“呵。”易笙似乎被她气笑了,“你是觉得你这一身水能把我车淹了成泡水车呢,还是觉得搞脏了我的车,我连一次全车spa的钱都舍不得出?”
……!
好像是这么个理?
弄脏了车洗个车的钱,易笙这种身价怎么可能放在心上。
而她在这扭捏才会叫易笙真的无语吧?
这跟直白地嘲讽易笙连洗车钱都没有,有啥区别?
柏椰可觉得,自己果然还是并不清醒的。
她抬头看向易笙,眨了眨眼,在再次觉得自己狼狈模样不堪入目想要后退躲避时,易笙替她拉开了副驾驶车门,“上车。”
这是易笙第四次说了。
如果她再拒绝,柏椰可有理由相信这女人一定会讨厌她的不识抬举。
别说当不成朋友,只怕还会得罪这个甲方。
迫于形势,柏椰可糊里糊涂地上车了。
易笙很快也回到了主驾驶,她翻出两块毛巾,一块儿递给了柏椰可,一块儿自己擦了擦头和衣服。
“抱歉。

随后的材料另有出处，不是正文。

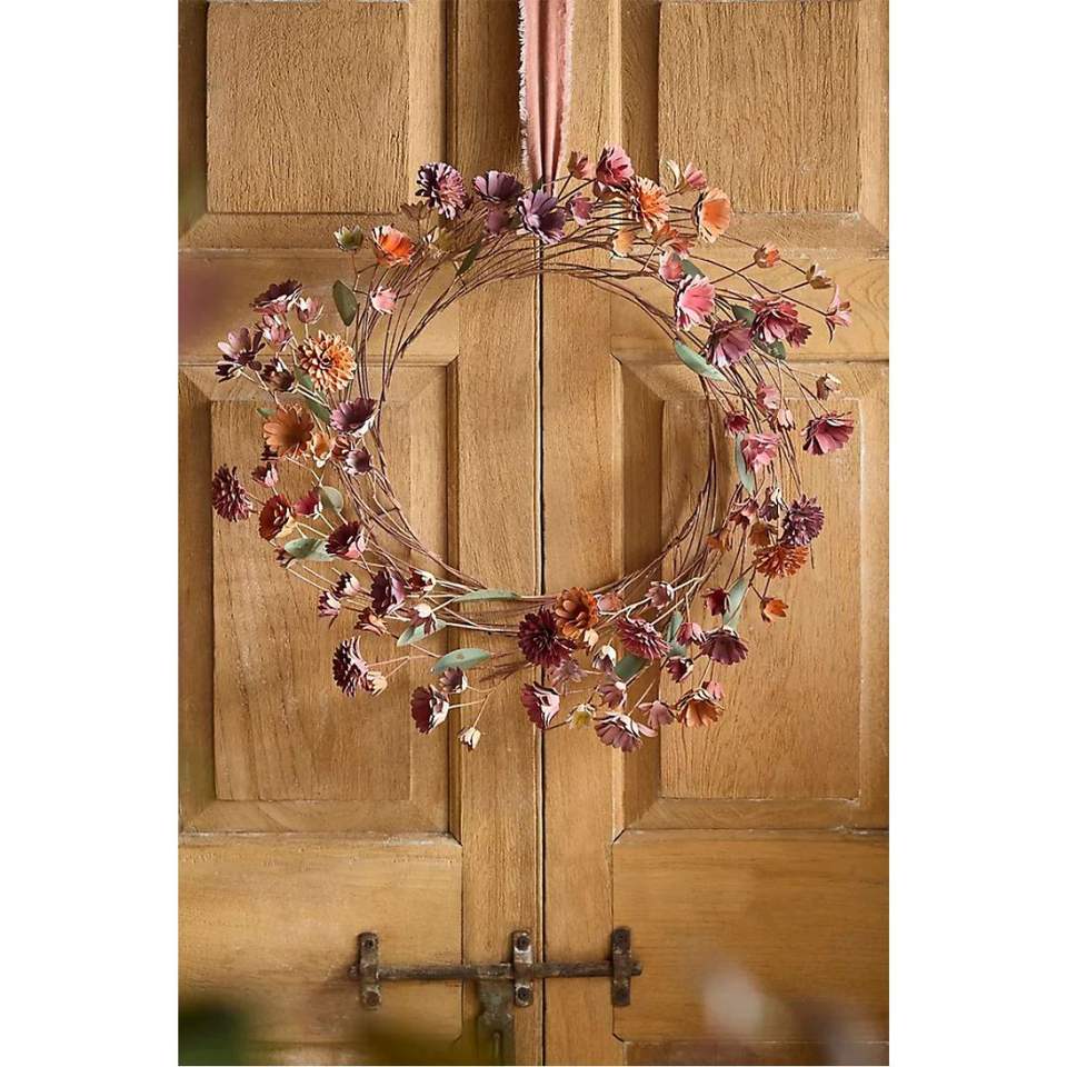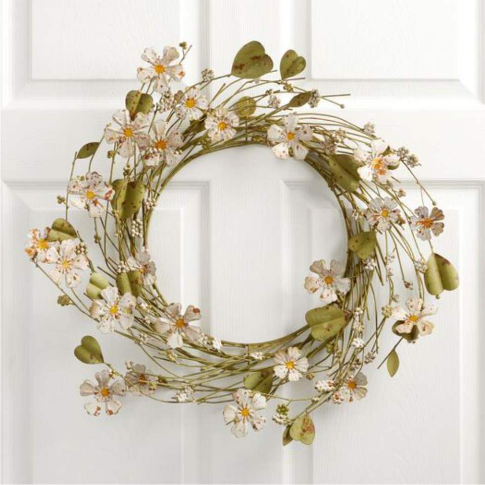 Couronne de fleurs en métal faite à la main, en forme de cœur, colorée, en fer, décoration murale florale pour la maison, le mariage, le jardin, ornement de Pâques et de printemps
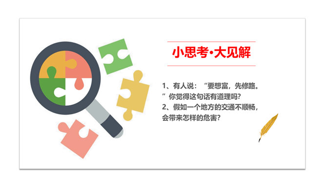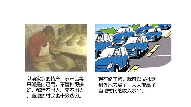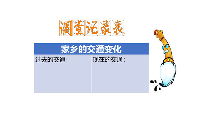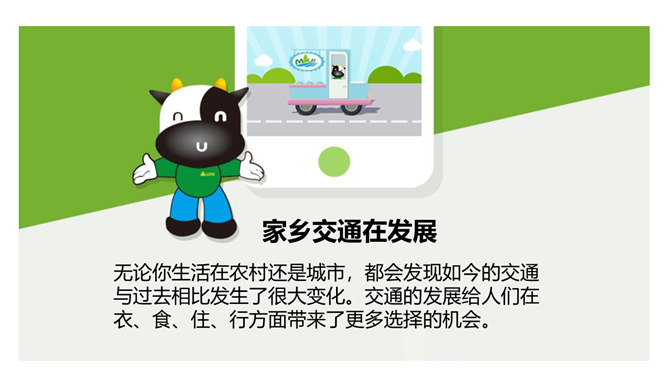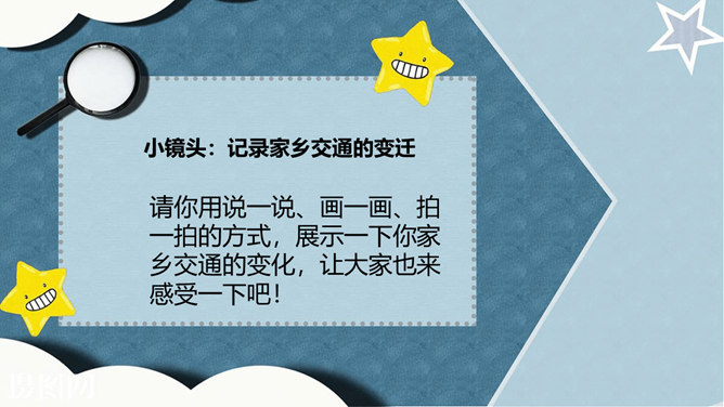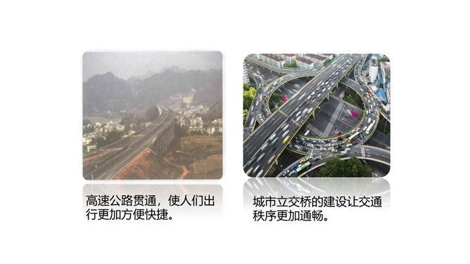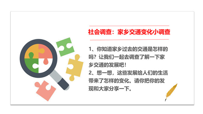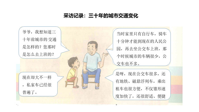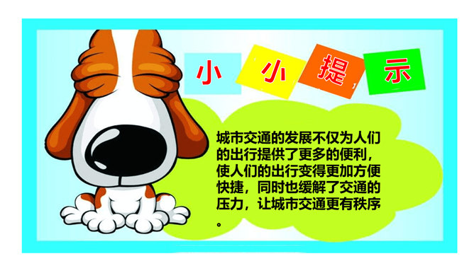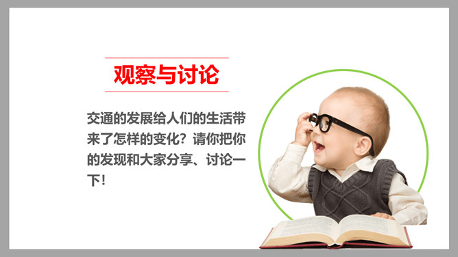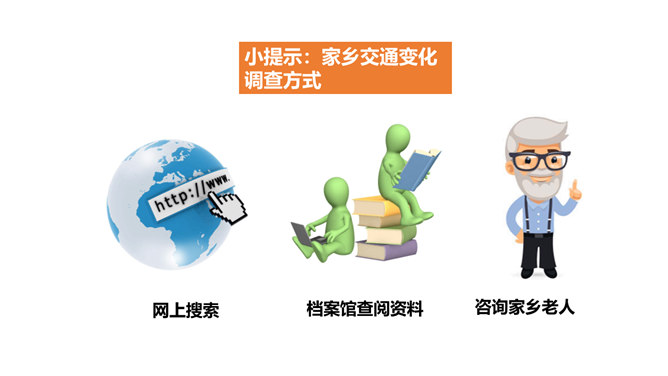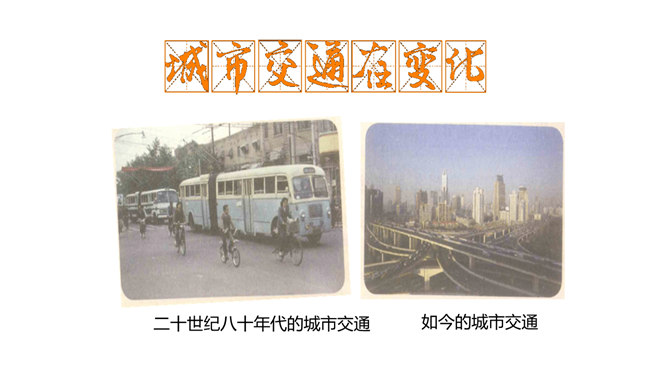 无论你生活在农村还是城市,都会发现如今的交通与过去相比发生了很大变化。交通的发展给人们在衣、食、住、行方面带来了更多选择的机会。社会调查:家乡交通变化小调查。1、你知道家乡过去的交通是怎样的吗?让我们一起去调查了解一下家乡交通的发展吧!2、想一想,这些发展给人们的生活带来了怎样的变化。请你把你的发现和大家分享一下。请你用说一说、画一画、拍一拍的方式,展示一下你家乡交通的变化,让大家也来感受一下吧!交通的发展给人们的生活带来了怎样的变化?请你把你的发现和大家分享、讨论一下!所属专题:四通八达的交通ppt。
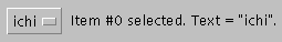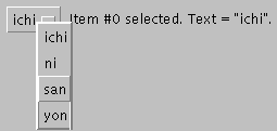 action()method (which is the same ase.arg), is the string from the selected item.Besides the methods used above, the Choice class defines these other useful methods://...Where instance variables are defined: Choice choice; //pop-up list of choices //...Where initialization occurs: choice = new Choice(); choice.addItem("ichi"); choice.addItem("ni"); choice.addItem("san"); choice.addItem("yon"); label = new Label(); setLabelText(choice.getSelectedIndex(), choice.getSelectedItem()); . . . public boolean action(Event e, Object arg) { if (e.target instanceof Choice) { setLabelText(choice.getSelectedIndex(), (String)arg); return true; } return false; } }
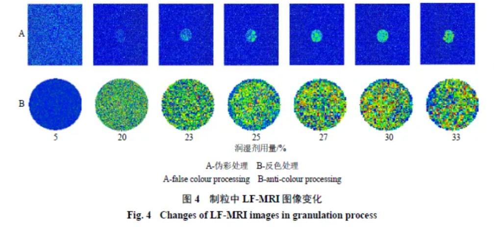 對(duì)掃描的圖像進(jìn)行反色處理后可以看出潤(rùn)濕劑用量在20%時(shí)已出現(xiàn)紅色,但以綠色為主,說(shuō)明非結(jié)合態(tài)潤(rùn)濕劑量較低。制粒后期,顏色主要以紅色和黃色為主(圖4-B),說(shuō)明濕顆粒中潤(rùn)濕劑過(guò)量。由此可見(jiàn)LF-MRI成像中,根據(jù)質(zhì)子密度變化,可以直觀表征制粒中顆粒內(nèi)部的潤(rùn)濕劑變化,也可觀察到潤(rùn)濕劑均勻分布情況。
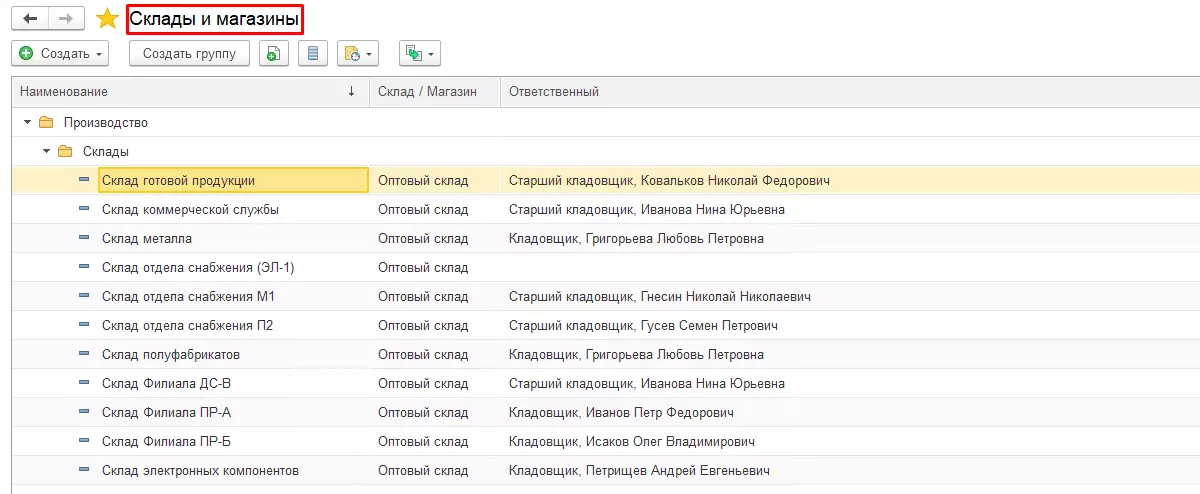 Далее нужно создать в 1С КА иерархический список складов. Для этого заполните справочник «Склады и магазины» с группами и требуемыми критериями (например, местонахождение, профиль) в разделе НСИ и администрирование – НСИ – Склады и магазины.

”柏椰可下意识道歉。
“呵。”易笙语调平平,“两个月不见,柏设计师还是那么喜欢淋雨。”
“……”
熟悉的易氏风格。
柏椰可甚至觉得这以毒攻毒的效果让自己精神状态好了点儿。
至少,她的歉意倏忽间少了很多。
下一秒,易笙闲闲轻笑,“还好心眼儿地带我也淋了一回,懂分享好东西的乖乖学生啊。”
“……”
柏椰可觉得仅剩的那点儿歉意在忽高忽低地跳跃。
“附近有地方可去吗?”易笙问她。
“啊……”柏椰可以为易笙会去市中心附近,想着待会随便找个地儿把她放下就行,虽然市中心她也没地方可去,但毕竟市中心热闹繁华,她可以找个小宾馆,但这附近荒郊野地的,据她所知,仅有一个她绝对舍不得住的大酒店,“你把我放在公交站台好了。”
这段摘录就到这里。